Task to carry out
What needs reproducing is the run of lines in the data below starting at the line with "Готовый и полный" and ending at the line with "在實(shí)施例中,陀螺式", both ends included. Copy it exactly, without pictures, and add nothing.

═════ Dataset records ═════

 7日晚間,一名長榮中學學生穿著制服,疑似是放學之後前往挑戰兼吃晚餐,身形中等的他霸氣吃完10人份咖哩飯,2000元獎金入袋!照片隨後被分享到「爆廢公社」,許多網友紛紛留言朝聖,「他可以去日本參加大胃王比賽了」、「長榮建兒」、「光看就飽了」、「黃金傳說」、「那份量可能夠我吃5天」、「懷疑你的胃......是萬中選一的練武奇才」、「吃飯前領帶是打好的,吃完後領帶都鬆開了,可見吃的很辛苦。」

═════
═════ Dataset records ═════

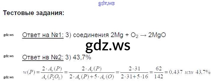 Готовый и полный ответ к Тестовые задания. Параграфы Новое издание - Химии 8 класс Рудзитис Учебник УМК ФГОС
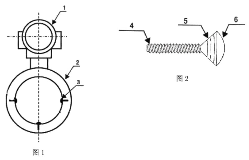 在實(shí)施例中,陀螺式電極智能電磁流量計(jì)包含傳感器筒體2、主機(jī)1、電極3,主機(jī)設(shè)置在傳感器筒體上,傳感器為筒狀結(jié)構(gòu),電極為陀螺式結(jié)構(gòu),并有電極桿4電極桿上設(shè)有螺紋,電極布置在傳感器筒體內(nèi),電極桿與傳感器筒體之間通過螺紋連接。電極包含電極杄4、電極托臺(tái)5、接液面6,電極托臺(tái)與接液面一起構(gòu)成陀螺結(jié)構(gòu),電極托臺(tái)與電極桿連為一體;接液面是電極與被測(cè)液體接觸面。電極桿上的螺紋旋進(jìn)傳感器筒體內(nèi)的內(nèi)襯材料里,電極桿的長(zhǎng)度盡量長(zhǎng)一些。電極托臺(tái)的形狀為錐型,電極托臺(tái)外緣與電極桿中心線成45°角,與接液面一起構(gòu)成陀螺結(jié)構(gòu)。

═════

Solution for this exercise
 Готовый и полный ответ к Тестовые задания. Параграфы Новое издание - Химии 8 класс Рудзитис Учебник УМК ФГОС
 在實(shí)施例中,陀螺式電極智能電磁流量計(jì)包含傳感器筒體2、主機(jī)1、電極3,主機(jī)設(shè)置在傳感器筒體上,傳感器為筒狀結(jié)構(gòu),電極為陀螺式結(jié)構(gòu),并有電極桿4電極桿上設(shè)有螺紋,電極布置在傳感器筒體內(nèi),電極桿與傳感器筒體之間通過螺紋連接。電極包含電極杄4、電極托臺(tái)5、接液面6,電極托臺(tái)與接液面一起構(gòu)成陀螺結(jié)構(gòu),電極托臺(tái)與電極桿連為一體;接液面是電極與被測(cè)液體接觸面。電極桿上的螺紋旋進(jìn)傳感器筒體內(nèi)的內(nèi)襯材料里,電極桿的長(zhǎng)度盡量長(zhǎng)一些。電極托臺(tái)的形狀為錐型,電極托臺(tái)外緣與電極桿中心線成45°角,與接液面一起構(gòu)成陀螺結(jié)構(gòu)。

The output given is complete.